Серафимович был одним из самых безотказных военных корреспондентов эпохи гражданской войны. Ему уже тогда было далеко за пятьдесят, он был старше Горького. А теперь, в 1943 году, уже перешагнув за восемьдесят, он все-таки вызвался ехать. Меня поразила в нем не только сама эта готовность, а все его поведение во время поездки – его неприхотливость, его неутомимость, его упорное нежелание, чтобы хоть в чем-то, хоть как-то считались с его возрастом или напоминали о нем. На все вопросы, как он себя чувствует, удобно ему или неудобно, он неизменно отвечал одним коротким словом "великолепно", произнося его как-то даже торжествующе, с благородным стариковским вызовом и годам и здоровью. Если же его спрашивали, не надо ли нам остановиться, не надо ли ему отдохнуть, он так же неизменно и с таким же внутренним торжеством отвечал: "Ни под каким видом!" И действительно ни под каким видом не соглашался на то, чтобы хоть что-нибудь менялось из внимания к его возрасту и состоянию здоровья, в общем-то оставлявшему желать лучшего. В этом уже очень старом человеке была удивительная товарищеская жилка. Поездка давалась ему с трудом, но он с таким упорством старался не дать заметить этого, что в конце концов заставил не замечать.
Пастернак поразил меня тогда какой-то детской удивленностью перед всем новым и незнакомым, с чем он встречался. Он благодарно радовался всему смелому и чистому в людях, как может радоваться человек долгожданному подтверждению лучших из своих надежд.

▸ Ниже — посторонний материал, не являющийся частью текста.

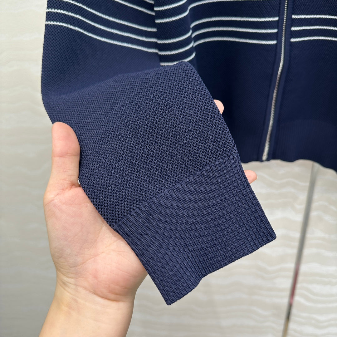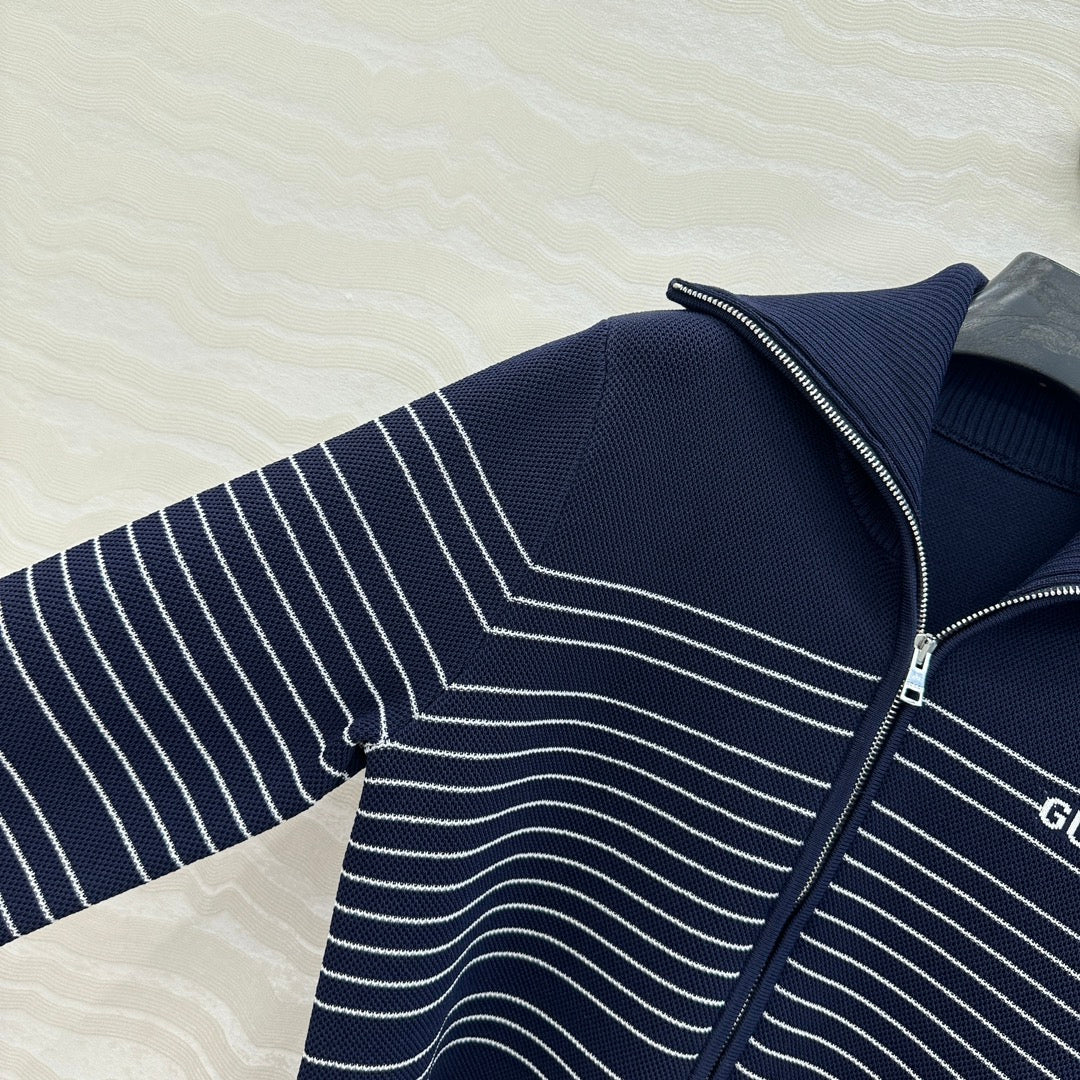 Gucci Knitted Zipper Jacket Dark Blue Viscose

Вернувшись из этой поездки, я дописал наконец тот рассказ о рядовом пехотинце, которого требовал от меня Николай Павлович Пухов. Писал я его долго, как ни один свой рассказ, и все чего-то не хватало, хотя материала, казалось, набрано сверх головы! А тут, в эту поездку, вдруг один злой, обиженный солдатский разговор про нехватку табаку все поставил на свое место, и рассказ был дописан в первый же день приезда в Москву.
Кроме заметок для рассказа "Пехотинцы", я привез из этой поездки одно сильно задевшее мои чувства письмо, о котором речь пойдет дальше, и одну подробную запись в блокноте – разговор с Афанасием Матвеевичем Свириным, замполитом 308-й стрелковой дивизии, которой командовал генерал Гуртьев, один из героев Сталинграда, убитый при взятии Орла.
Я не раз перечитывал эту запись много лет спустя, работая над романами о войне. То, как мне рассказывал тогда замполит дивизии о своем погибшем командире, кажется мне характерным для отношений, складывавшихся на войне между людьми в этих двух должностях в тех случаях, когда один из них был настоящим командиром, а другой – настоящим комиссаром; не в должностном, а во внутреннем значении этого слова.
"…Леонтий Николаевич Гуртьев, 52 года. Сухой, худощавый, чрезмерно скромный, молчаливый. Выступать не любил и говорить не умел, хотя был культурным человеком, особенно с военной стороны. Спокойный и выдержанный, был смел и лично, и в своих решениях. Коли сказал – так уж будет настаивать!
Приехал на фронт из Сибири в сентябре 42-го года. Независимо от обстановки не представлял себе отступления и не держал его в мыслях. Когда у завода "Баррикады" командир батальона просил у него разрешения отойти, сказал ему: "Не могу разрешить этого ни тебе, ни себе". Скромный и честный. Вы знаете, как иногда на фронте бывает? Доложит сосед командующему: мол, мои впереди, соседи – сзади. А это неправда! Говорю ему: "Леонтий Николаевич, пойдите к командующему, опровергните". – "Зачем? Раз правда на моей стороне, что ж докладывать? Все равно все так и есть, как есть на самом деле".
Если ему указано, где иметь командный пункт, можете быть уверены: при всех обстоятельствах будет точно именно там, не отойдет ни на шаг. Люди уважали его за скромность, за честность и за доброжелательность. Хорошо знал командующего, но не напомнил ему, пока тот не вспомнил об этом сам.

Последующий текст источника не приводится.